**TASK PROMPT:** From the listing below, please restate exactly the lines beginning at the one with "[ - : 실제값(종가) / - : 예측값(종가) ]" and ending at the one with "裝飾團(tuán)隊(duì", both included, and skip the pictures.

***** DATASET *****

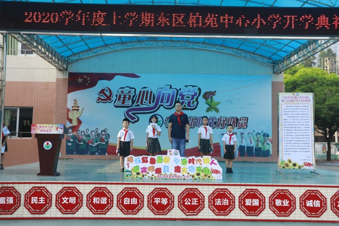 为勉励广大少年儿童牢记习近平总书记的教导,以习近平新时代中国特色社会主义思想为指导,传承红色基因,践行社会主义核心价值观,学习身边的榜样,做新时代的好少年,为实现中华民族伟大复兴的中国梦而努力奋斗,助力全市奋勇夺取全国文明城市“六连冠”,共同创造更美好的生活。2020年9月1日上午,东区柏苑中心小学举行了以“传承红色基因,争做时代新人”为主题的开学典礼。
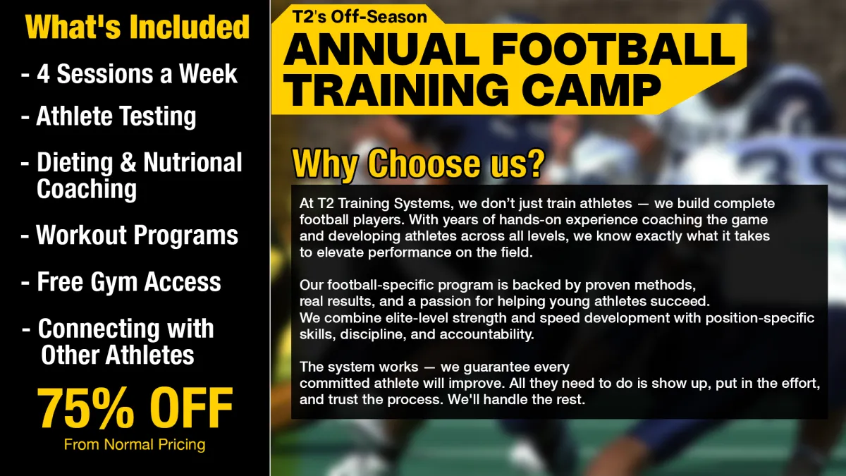 At T2 Training Systems, we build strong, explosive, confident athletes ready to dominate when the season arrives. Our program goes beyond strength and speed — we focus on athletic development, eliminating weaknesses, reducing injury risk, and instilling the confidence and discipline it takes to excel both on and off the field.
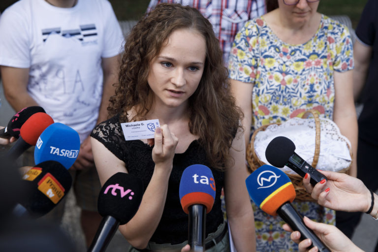 Odchádzajúca učiteľka Michaela G. počas brífingu Slovenskej komory učiteľov (SKU) a odovzdávania vizitiek pedagogických a odborných zamestnancov, ktorí zo školstva odišli alebo odchádzajú. Na brífingu informovala o dôvodoch odchodu učiteľov zo školstva a predstavila návrh, ako situáciu zvrátiť. Bratislava, 30. jún 2022. Foto: SITA/Branislav Bibel
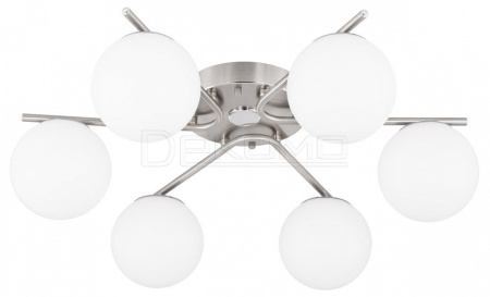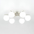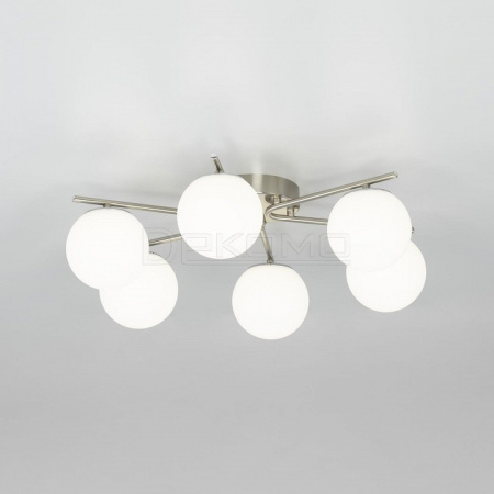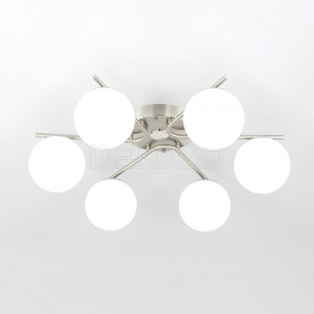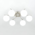 Люстра шестирожковая с круглым основанием, корпус металлический, цвет матовый хром. Плафоны в форме шара, изготовлены из оптического полимера, цвет белый матовый. В основании каждого плафона расположен уникальный светодиодный модуль, обеспечивающий яркое основное освещение или красочную RGB подсветку, с плавной регулировкой яркости во всех режимах света.
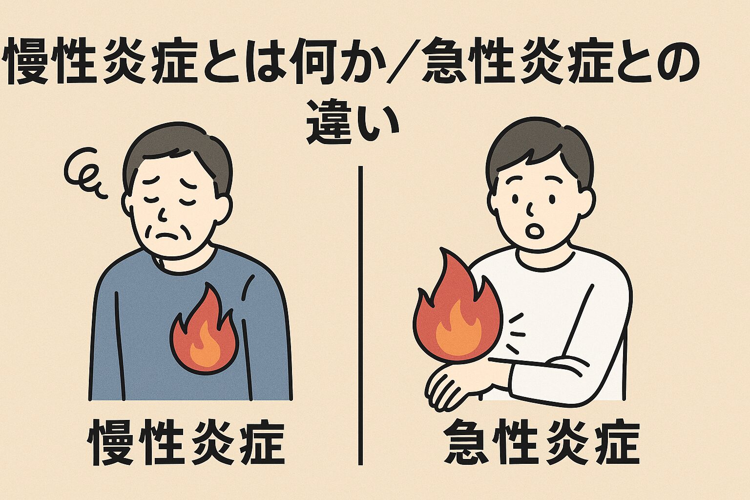 「慢性炎症」という言葉はよく聞きますが、ぱっとイメージがわかない方も多いと思います。急なケガのような“赤く腫れて熱をもつ炎症”とは違い、慢性炎症は体の中で静かに続くと言われています。参考記事(引用元:https://stretchex.jp/6165)でも、体がずっと軽いストレスを抱えたような状態が続くと説明されています。
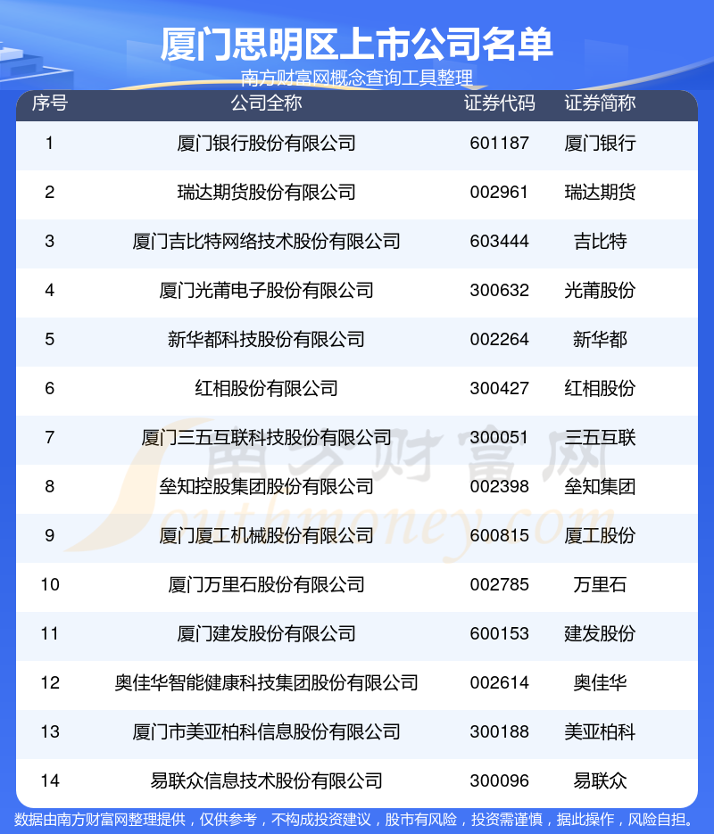 從數(shù)量方面來看,截至10月20日,廈門思明區(qū)共有14家A股上市公司。具體分布為,上交所:建發(fā)股份、廈工股份、廈門銀行、吉比特等4家,深交所:新華都、壘知集團(tuán)、奧佳華、萬里石、瑞達(dá)期貨、璉升科技、易聯(lián)眾、國投智能、紅相股份、光莆股份等10家。
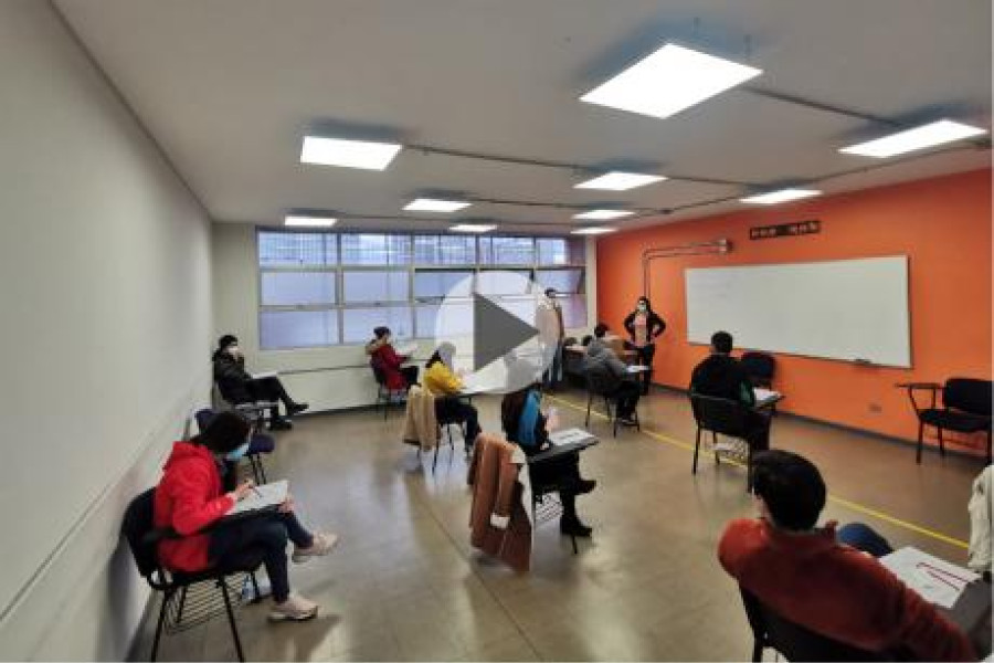 Este examen funciona con veedores externos – uno por sala-, por lo tanto, hubo una delegación que no es de la Usach, y que en este caso proviene de la Universidad de Chile. Son veedores ciegos, es decir que no conocen a los estudiantes. A su vez, el aporte Usach, y está establecido por protocolo del examen. Hay un anfitrión que acompaña al veedor, además de un secretario que colabora con los chequeos de identidad, la lista de firmas y la recepción del pase de movilidad entre otros. De la misma manera, hay un grupo nuestro que participó como veedor en la Universidad FinisTerrae, lo que genera delegaciones cruzadas. Esto forma parte del procedimiento tradicional de la prueba.
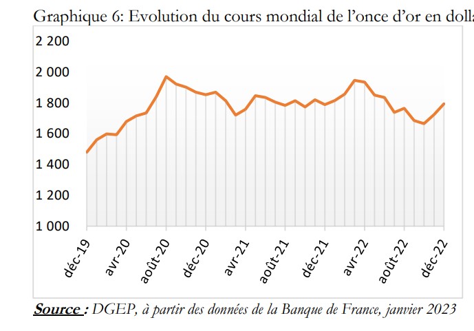 This fall in production is compensated by the good performance of the gold price. In December 2022, the price of an ounce of gold rose by 4.0% compared to November 2022, reaching 1,794.2 US dollars. On a year-on-year basis, the price of an ounce of gold is down by 0.3%. The ounce of gold recorded an average price of 1,728.4 US dollars in the fourth quarter of 2022, down by 0.1% compared to the previous quarter. The level of the gold price remains high in line with the uncertainties in the global economy.
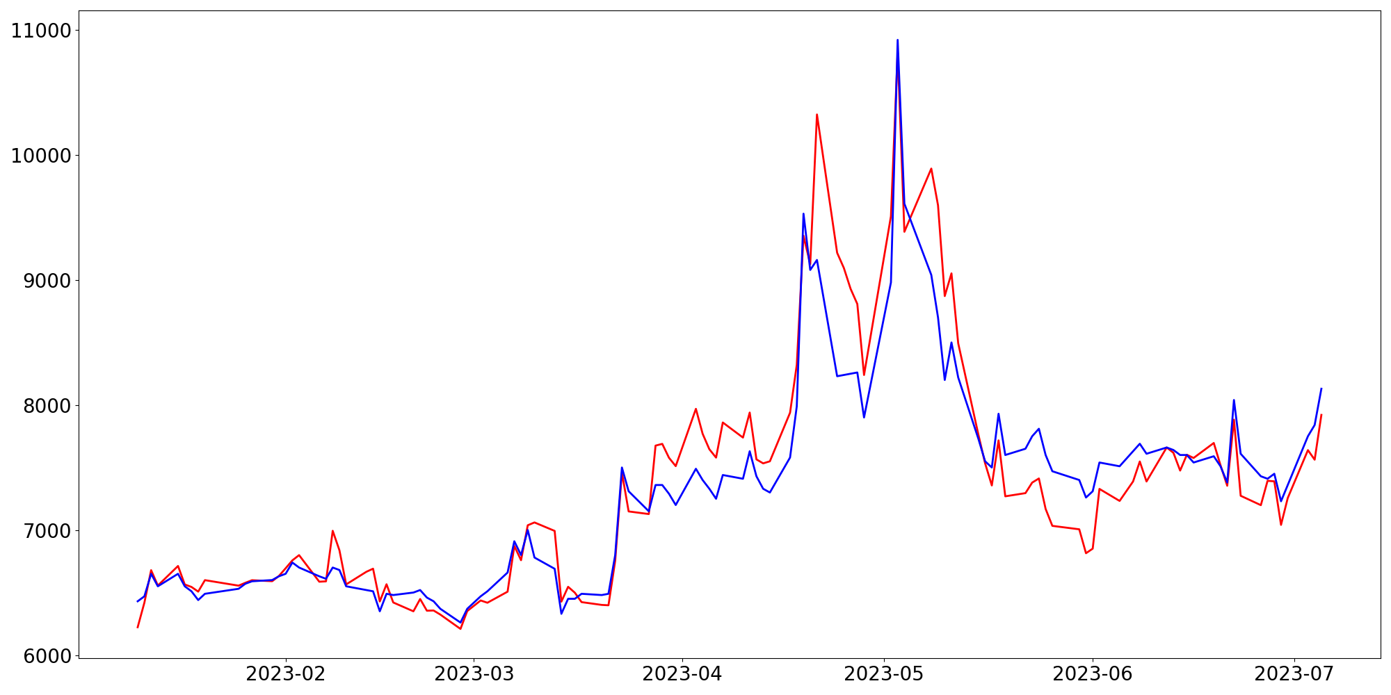 [ - : 실제값(종가) / - : 예측값(종가) ]
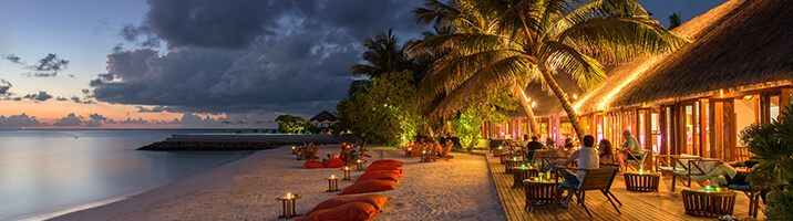 Auch in den Bars des Resorts kannst Du den Tag über oder am Abend wunderbar abschalten und einen guten Cocktail oder einen anderen Drink Deiner Wahl genießen – am besten natürlich all inclusive. Hier bietet sich die Nevi Main Bar an. Die Bar steht Dir von 9:00 Uhr bis Mitternacht zur Verfügung. Verschiedene Snacks wie Pizza, Burger, Sandwiches oder Eiscreme werden auch hier gereicht – für All-Inclusive-Kunden natürlich bereits im Preis inbegriffen. Die Lage direkt am Strand macht diese Bar zu einem beliebten Treffpunkt im Summer Island Malediven. Die Avi Cocktail Lounge mit Sonnendeck ist eine Mischung aus À-la-carte-Restaurant sowie Cocktail- und Champagner-Bar. Dazu hast Du die Möglichkeit, auf dem Sonnendeck bei einem Cocktail, einem guten Wein oder einem Glas Champagner zu entspannen und den Blick auf das Meer gepaart mit dem sanften Rauschen der Wellen zu genießen.
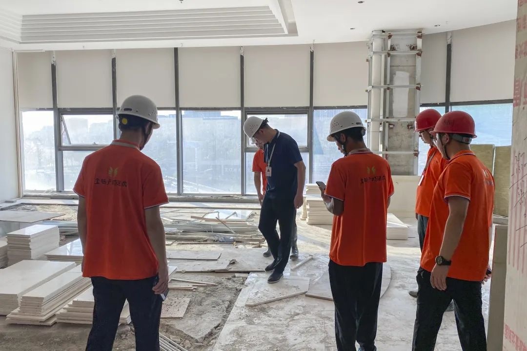 裝飾團(tuán)隊(duì)緊盯時(shí)間節(jié)點(diǎn),分標(biāo)段施工,每三層一個(gè)標(biāo)段,每?jī)商煲平灰淮?,并結(jié)合各樓層進(jìn)度,統(tǒng)籌消防、空調(diào)、水電等穿插作業(yè)。裝飾裝修過(guò)程中涉及到的硬裝、軟裝材料多不勝數(shù),各個(gè)樓層間,人員、物料上下運(yùn)輸,極盡繁忙。在大力趕超進(jìn)度的同時(shí),更在質(zhì)量上嚴(yán)格把關(guān),甚至提出更高的標(biāo)準(zhǔn)。團(tuán)隊(duì)按照設(shè)計(jì)圖紙、施工方案,結(jié)合現(xiàn)場(chǎng)實(shí)際情況,做好技術(shù)交底與驗(yàn)收工作。
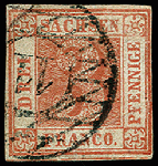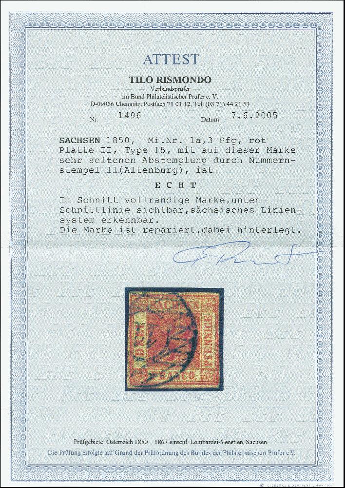 | Zusatzinformationen und Suchstichworte: | 371. Auktion Heinrich Köhler 24.-28. September 2019 Los 8507 3 Pfennige rot, Platte II, Type 15, voll- bis breitrandig, unten mit sichtbarer Schnittlinie, daran sächsisches Liniensystem erkennbar, sauber entwertet mit klar aufgesetztem Nummernstempel "11" ALTENBURG. Die Marke ist Kunstvoll hinterlegt. Nummernstempel-Entwertungen auf der Nr. 1 sind nur in wenigen Exemplare bekannt, von Altenburg hat die Köhler-Kartei-Registratur nur ein weiteres Stück registriert, Fototattest Rismondo BPP (2005) Zuschlag 1.500,00 EUR |
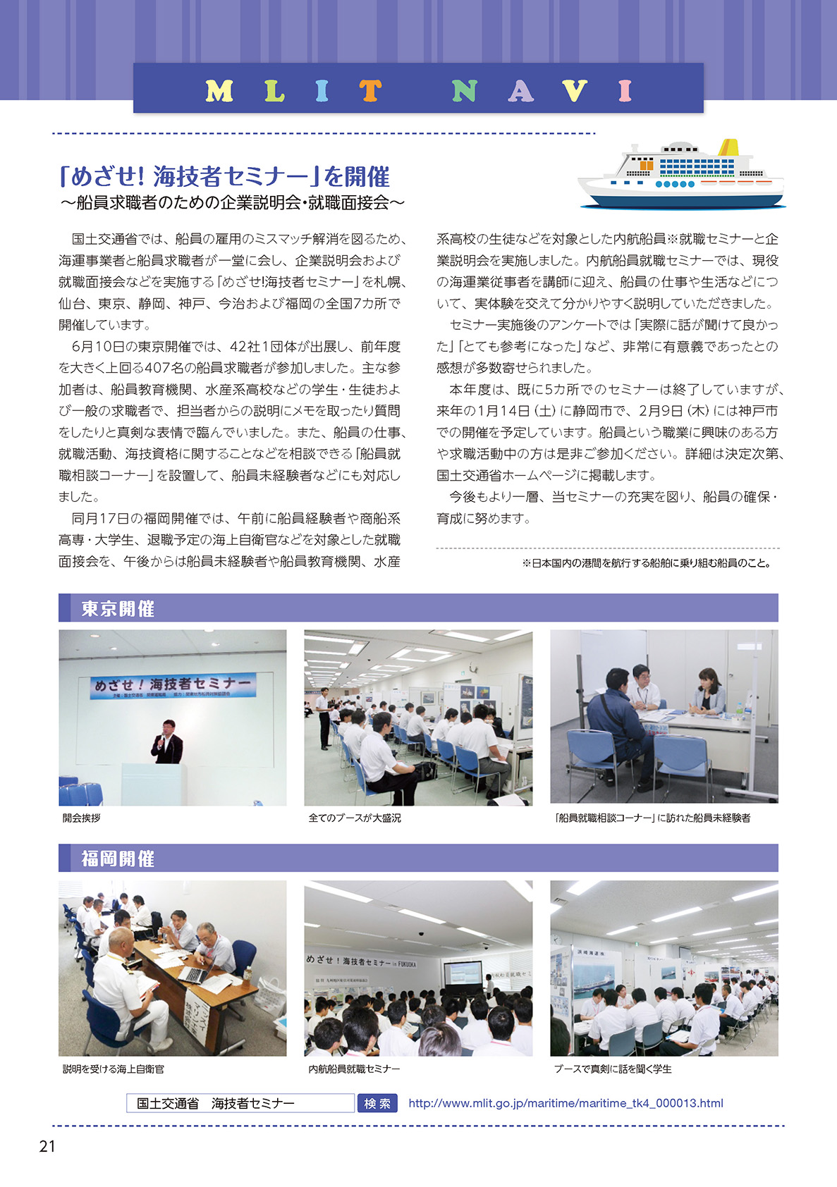 「国土交通」NO.141(2016.12-2017.1)MLIT NAVI 「めざせ!海技者セミナー」を開催

*****

**TASK SOLUTION:**
 [ - : 실제값(종가) / - : 예측값(종가) ]
 Auch in den Bars des Resorts kannst Du den Tag über oder am Abend wunderbar abschalten und einen guten Cocktail oder einen anderen Drink Deiner Wahl genießen – am besten natürlich all inclusive. Hier bietet sich die Nevi Main Bar an. Die Bar steht Dir von 9:00 Uhr bis Mitternacht zur Verfügung. Verschiedene Snacks wie Pizza, Burger, Sandwiches oder Eiscreme werden auch hier gereicht – für All-Inclusive-Kunden natürlich bereits im Preis inbegriffen. Die Lage direkt am Strand macht diese Bar zu einem beliebten Treffpunkt im Summer Island Malediven. Die Avi Cocktail Lounge mit Sonnendeck ist eine Mischung aus À-la-carte-Restaurant sowie Cocktail- und Champagner-Bar. Dazu hast Du die Möglichkeit, auf dem Sonnendeck bei einem Cocktail, einem guten Wein oder einem Glas Champagner zu entspannen und den Blick auf das Meer gepaart mit dem sanften Rauschen der Wellen zu genießen.
 裝飾團(tuán)隊(duì)緊盯時(shí)間節(jié)點(diǎn),分標(biāo)段施工,每三層一個(gè)標(biāo)段,每?jī)商煲平灰淮?,并結(jié)合各樓層進(jìn)度,統(tǒng)籌消防、空調(diào)、水電等穿插作業(yè)。裝飾裝修過(guò)程中涉及到的硬裝、軟裝材料多不勝數(shù),各個(gè)樓層間,人員、物料上下運(yùn)輸,極盡繁忙。在大力趕超進(jìn)度的同時(shí),更在質(zhì)量上嚴(yán)格把關(guān),甚至提出更高的標(biāo)準(zhǔn)。團(tuán)隊(duì)按照設(shè)計(jì)圖紙、施工方案,結(jié)合現(xiàn)場(chǎng)實(shí)際情況,做好技術(shù)交底與驗(yàn)收工作。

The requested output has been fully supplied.